On Fri, 2020-06-05 at 18:34 +0000, Peter Lewis via FreeIPA-users wrote:
> I'm putting this out there to help others if they need it, but be wary as the 
> following caveats apply:
>       1. I am not an expert in FreeIPA.  Make a backup or snapshot if 
> possible.  For nssdb stuff, you can just tar up those directories for a 
> backup before munging the data in there.

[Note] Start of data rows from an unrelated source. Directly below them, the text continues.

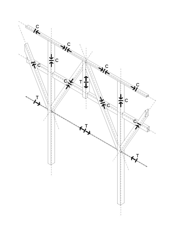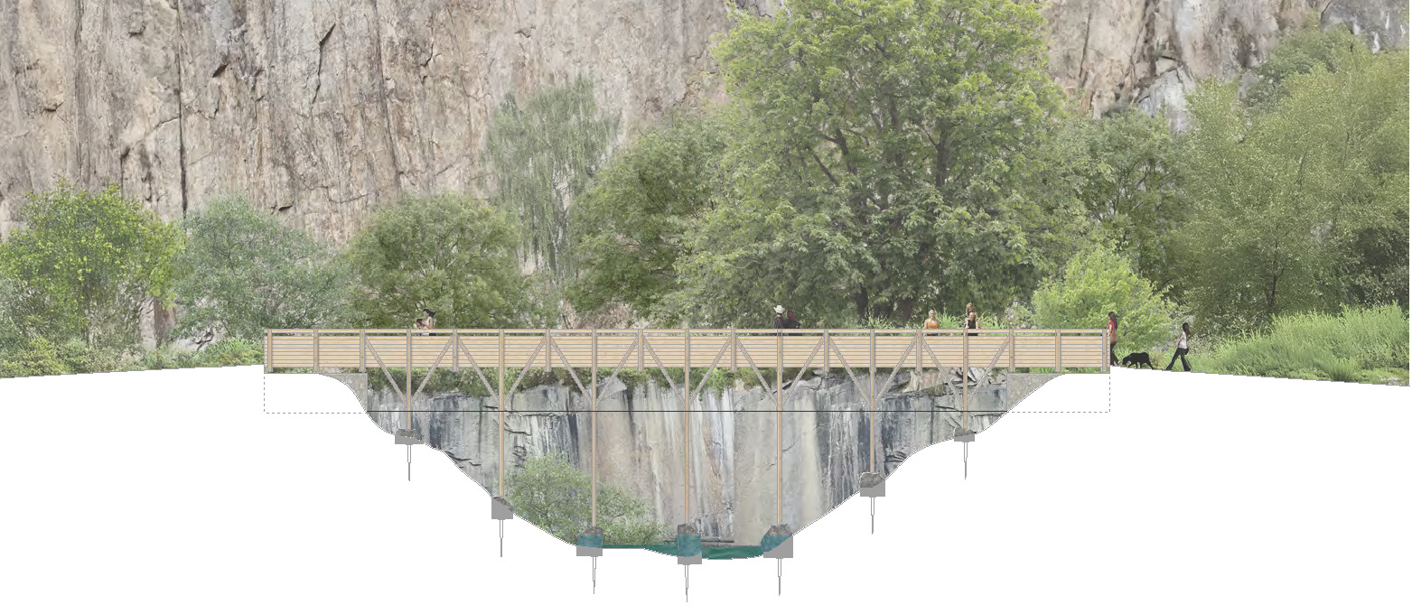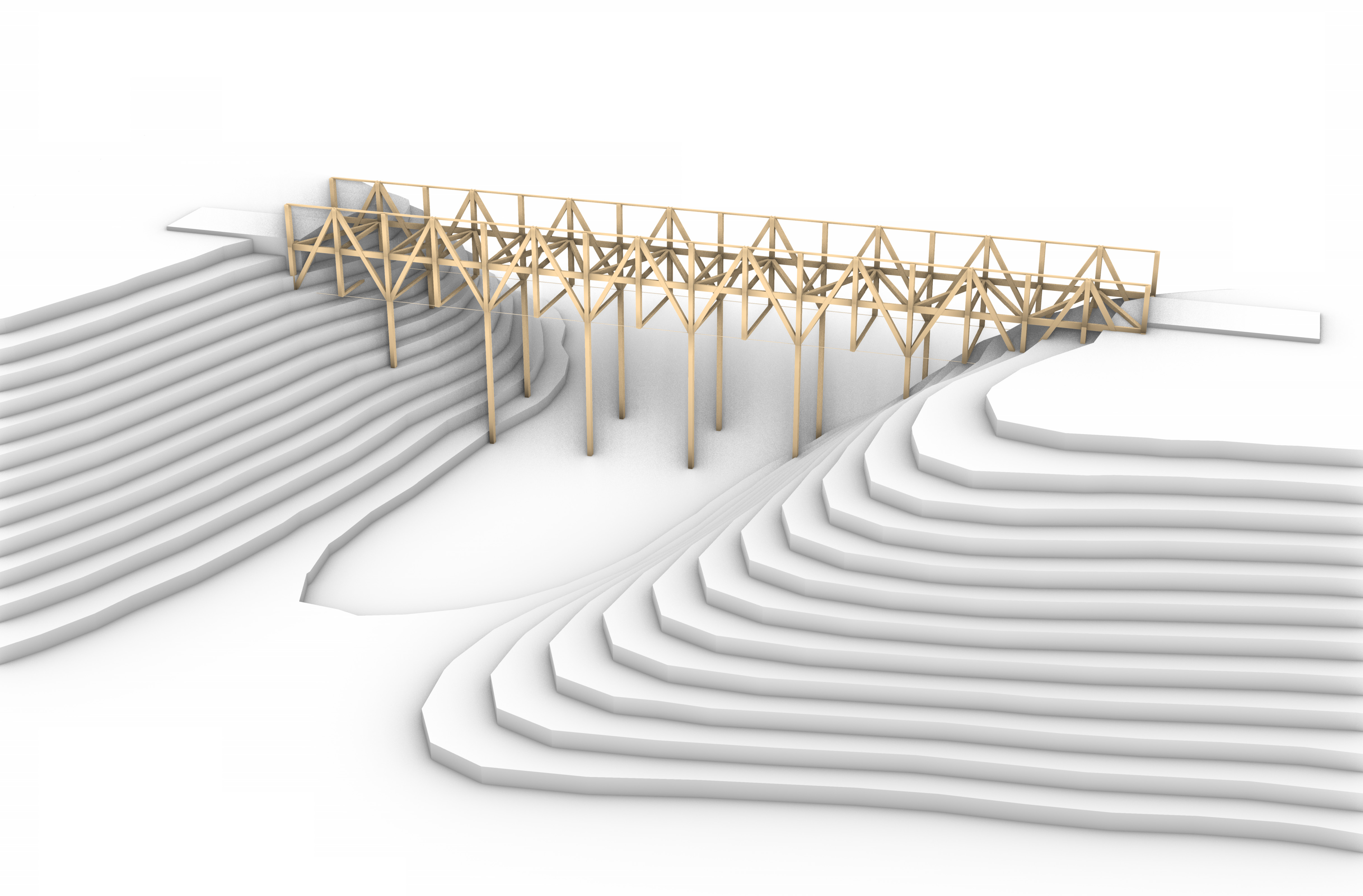 Designet består af et enkelt, gentagende system af trærammer, der forgrener sig i gitterlignende strukturer og derved skaber både robusthed og visuel lethed. Tilgangen trækker på den strukturelle logik fra traditionel infrastruktur ved udvindingssteder, hvilket giver konstruktionen en fornemmelse af genkendelighed og tidløshed. Materialerne afspejler og hylder den lokale kontekst, og tilsammen gør dette, at broen falder naturligt ind i landskabet og forstærker oplevelsen af at besøge dette historiske område.
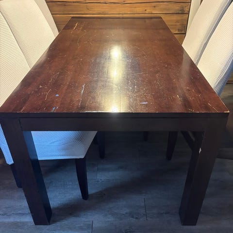 Tästä täyspuuta oleva pöytä ryhmä. Kunto välttävä, mutta menee vielä, pöydän pinnassa jotain jälkiä. Pöytä noin
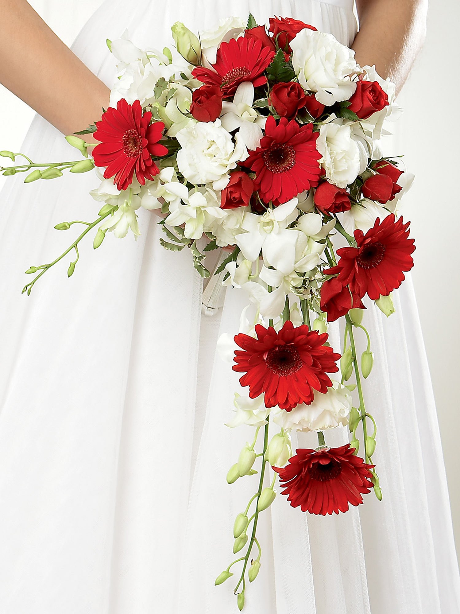 Every bride needs a magnificent bouquet and this crimson and white shower bouquet of gerberas and orchids is a wonderfully grand statement. The bright crimson works beautifully with purest white. This is contemporary styled bridal bouquet that is guaranteed to make an impression.
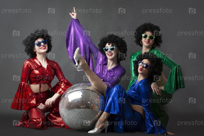 Группа девушек в париках с диско-шаром и красочных костюмах позируют на сером фоне. Диско-вечеринка
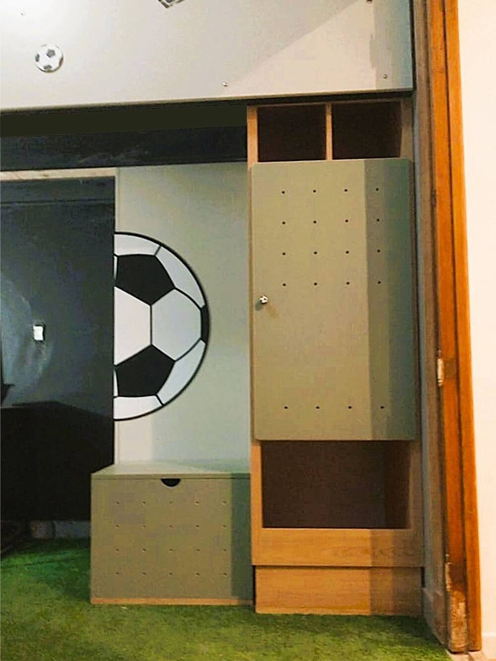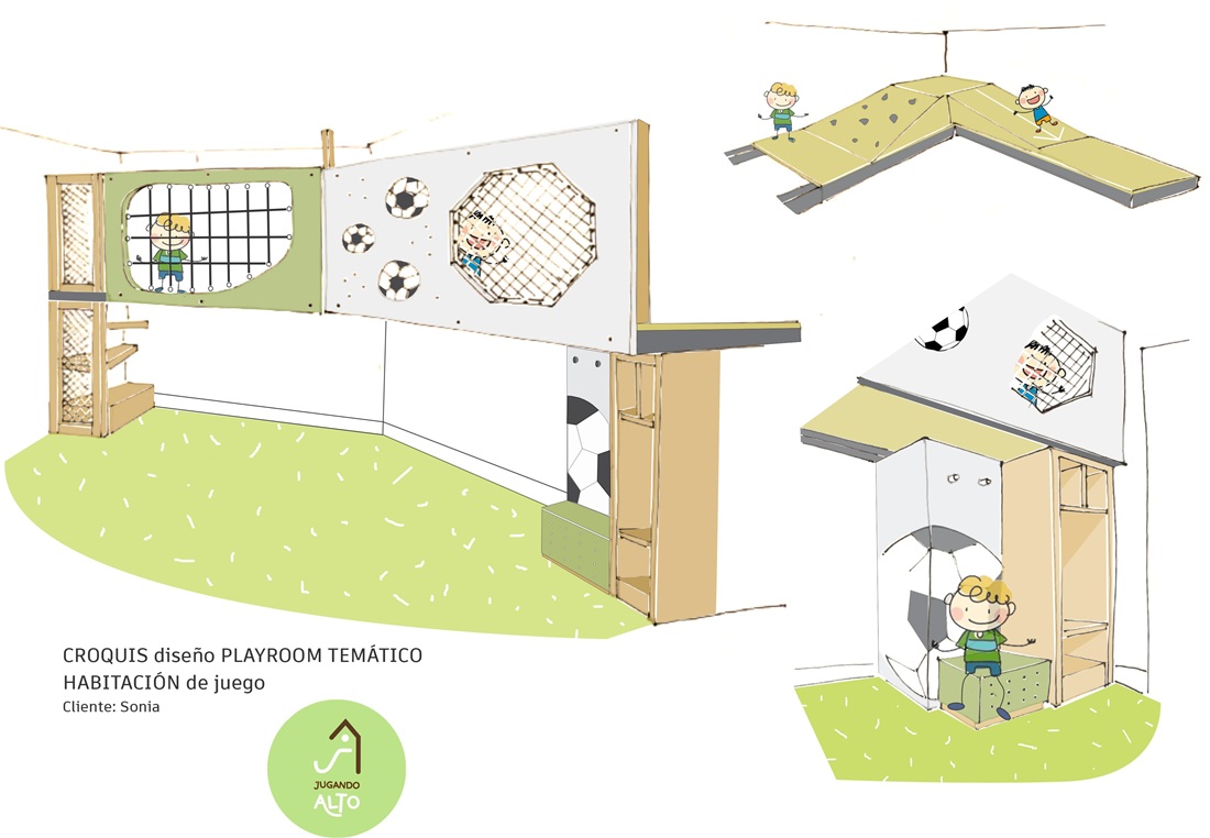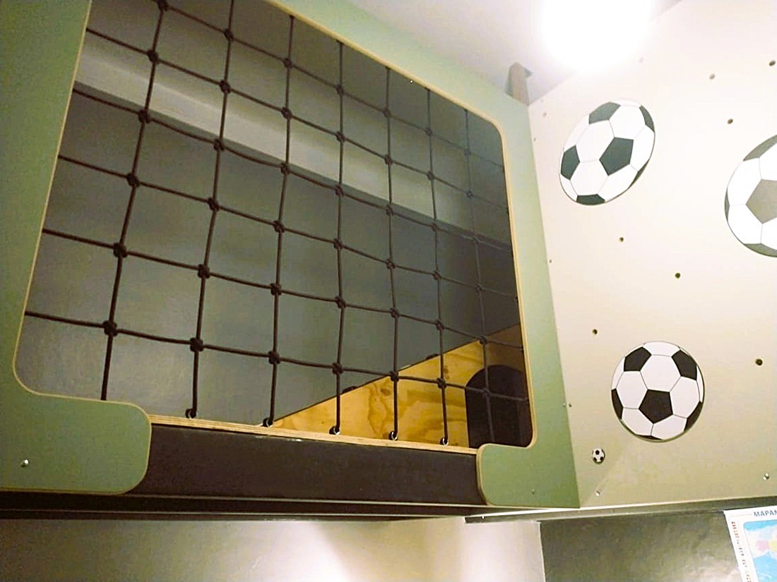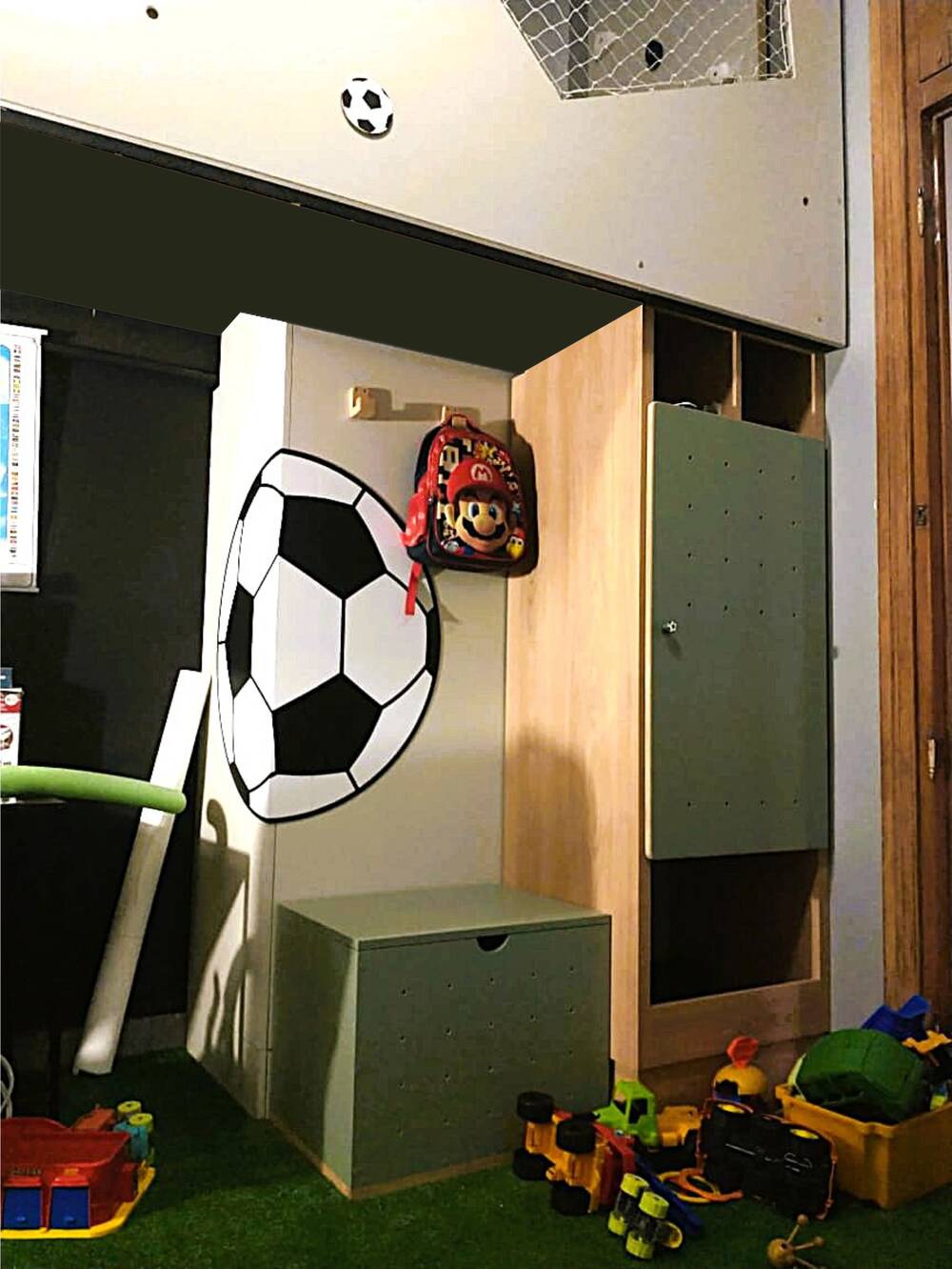 Un entrepiso en «L», pensado para pequeños fanáticos del fútbol. Elevamos el juego, al nivel superior, creando un nuevo sector de destreza, con tobogán y doble palestra, al mejor estilo pelotero.
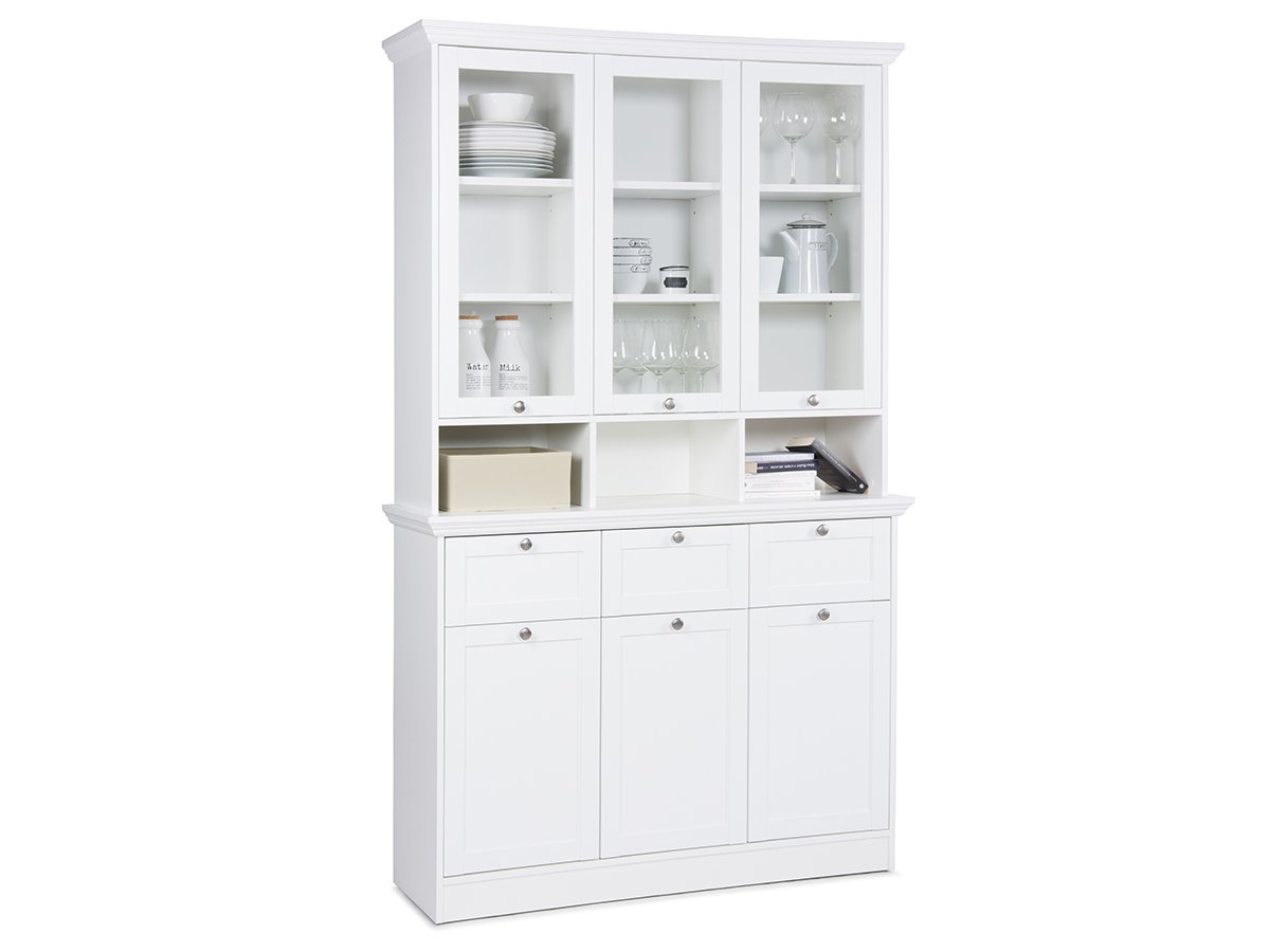 Ob in der Küche als zusätzlicher Stauraum für Geschirr und Vorräte oder im Esszimmer für dein gutes Porzellan – der Schrank ist vielseitig einsetzbar. Die drei Rahmentüren, drei Glastüren und drei Schubkästen bieten Platz für alles, was du griffbereit halten möchtest. Dahinter verstecken sich neun Ablagefächer und drei offene Fächer, die für Ordnung sorgen.

>       2. I'm not 100% on order as I've been doing this repair over the last 
> few days.
>       3. There could be extra steps that are unnecessary
>       4. I'm on 4.6.5 so no cool new CA tools available
> 
> Here are my final steps that worked:
>       1. On all IPA servers, add new wildcard cert
>               ipa-server-certinstall -v -w -d certificate.key 
> certificate_bundle_with_servercert.pem
>               ipa-cacert-manage renew --external-cert-file 
> certificate_bundle_with_servercert.cer --external-cert-file locate_ca.pem 
> (I'm not sure this did anything)
>               
>       2. On all IPA servers, clean up all nss cache files by hand (as to not 
> delete the wrong cert)
>               a. list the contents
>                       certutil -L -d 
>                               /etc/httpd/alias
>                               /etc/pki/pki-tomcat/alias
>                               /etc/dirsrv/slapd-DOM-EXAMPLE-COM
>                               /etc/ipa/nssdb
>                       
>               b. Delete all but the *.lids and the DOM.EXAMPLE.COM and any 
> internal CA's like "Server-Cert cert-pki-ca"
>                       certutil -D -d /etc/httpd/alias -n "CN=InCommon RSA 
> Server CA,OU=InCommon,O=Internet2,L=Ann Arbor,ST=MI,C=US"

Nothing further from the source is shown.